Reputation: 13
I am trying to use a for loop to add new rows to a dataframe. So the input is:
ColA ColNum ColB ColB_lag1 ColB_lag2
Xyz 25 123 234 345
Abc 40 456 567 678
And the output I want is this:
ColA ColNum ColB ColB_lag1 ColB_lag2
Xyz 25 123 234 345
Xyz 26 789 123 234
Abc 40 456 567 678
Abc 41 890 456 567
So, the code I have is this:
df = df.withColumn("ColNum", (df.ColNum + 1).cast(IntegerType())) \
.withColumn("ColB_lag2", df.ColB_lag1)
.withColumn("ColB_lag1", df.ColB)
.withColumn("ColB", someFunc())
The code works fine when I have to add only one row, but breaks when I have to add multiple rows in a loop. So I used a For loop to accomplish it. I filter for the latest row at the beginning of a loop then run the logic above to calculate the values for the columns. Then append the new row to the dataset which is again used at the top of the loop. The output ends up looking something like this:
ColA ColNum ColB ColB_lag1 ColB_lag2
Xyz 25 123 234 345
Xyz 25 789 123
Xyz 26 789 123
Abc 40 456 567 678
Abc 40 890 456
Abc 41 890 456
The question is: Do 'For' loops in PySpark break down due to parallelization or am I chaining too many functions in the for loop(or the order of functions in the loop) that is causing this erratic behavior?
Happy to share more details if I have missed out on any key point here.
Edit 1: The For loop is as below:
num_months = 5
df_final = sc.read.csv(input_path, header='true').createOrReplaceTempView("df_final")
for i in range(num_months):
df = sc.sql("""
SELECT *
FROM df_final mrd
INNER JOIN
(SELECT ColA AS ColA_tmp, MAX(fh_effdt) AS max_fh_effdt
FROM df_final
GROUP BY ColA) grouped_mrd
ON mrd.ColA = grouped_mrd.ColA_tmp
AND mrd.fh_effdt = grouped_mrd.max_fh_effdt
""")
df = df.drop(df.ColA_tmp).drop(df.max_fh_effdt).drop(df.ColB_lag2)

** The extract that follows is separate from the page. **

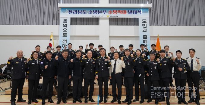 시민행정신문 강갑수 기자 | 전라남도소방본부(본부장 최민철)가 2월 25일 장흥소방서 대강당에서 ‘전남소방악대’ 발대식을 갖고, 음악을 통한 도민 안전 문화 확산과 소통 행보를 본격화했다.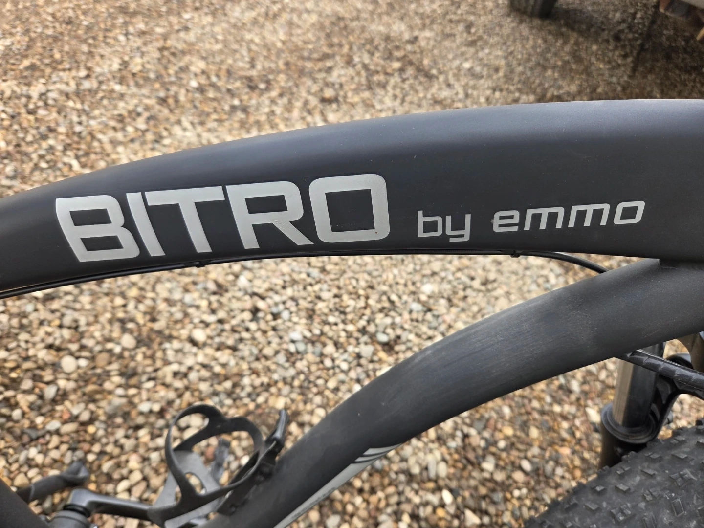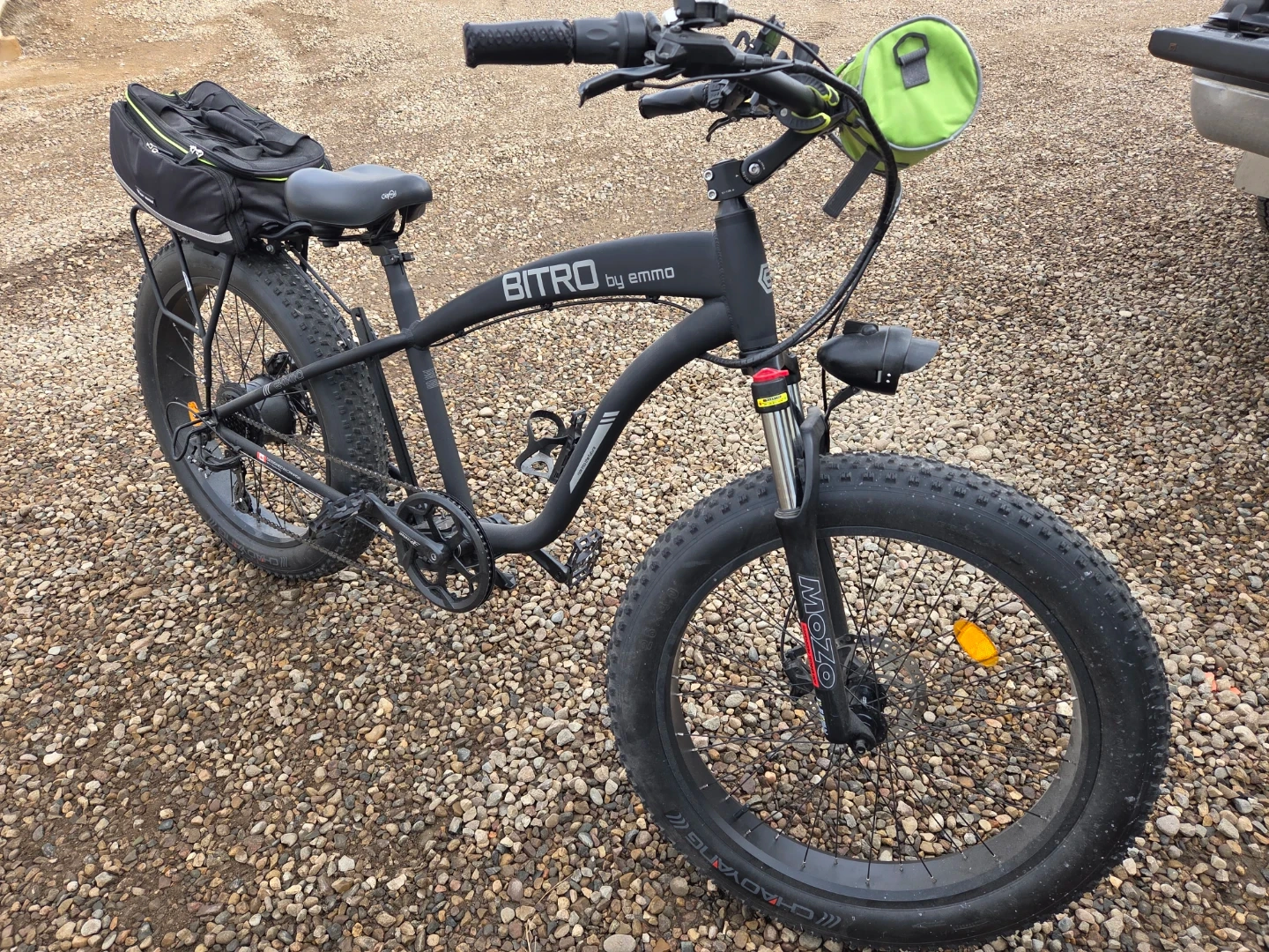 This black BITRO by EMMO electric bike has fat tires for all-terrain riding. It comes with a rear rack and a helmet. This is a large bike for big and tall people i only wrote it about ten times.The bike includes a battery and charger.and hydraulic brakes and soft spring seat for comfort. And cellphone holder on the handbars plus Comes with to secret locks one connects to disk break. And one is for frame, wheel extremely loud ear Piercing alarmgreat for cruising around town or hitting trails ! It doesn't come with the leather bags and the pitchers.But it does come with leather bags that are shown black and green

df_tmp = df.withColumn("ColNum", (df.wala + 1).cast(IntegerType())) \
.withColumn("ColB_lag2", df.ColB_lag1) \
.withColumn("ColB_lag1", df.ColB) \
.withColumn("ColB", someFunc())
df_final = df_final.union(df_tmp)
df_final.persist()
df_final.coalesce(1).write.csv(output_path + scenario_name+"_df_final", mode='overwrite', header='true')
Solution: The issue was with the union. Since I was dropping the columns and recalculating them, spark adds those columns to the end and the 'Union' does a union by column position and not name. This was what creating an issues in the consequent loops as the data shifted by a few columns for the new rows. The solution was to literally select all the columns and re-order them before doing the union. The snippet above is simplified where I can do it without dropping ColB_lag2. The actual code has another step in between where I refresh some values from another dataframe join and those columns need to be dropped before bringing in from the new dataframe.
Upvotes: 1
Views: 14907
Reputation: 45319
Your problem is that you're creating the temporary view on a version of the data frame (original data from csv data source), and expecting it to reflect changes made to the df_final
data frame variable.
The temporary view df_final
does not contain the data made to the data frame df_final
as the loop runs. Data frames are immutable. One way to solve this is to replace the temporary view in the loop too:
# the top part of your loop...
df_final = df_final.union(df_tmp)
df_final.createOrReplaceTempView("df_final")
Upvotes: 1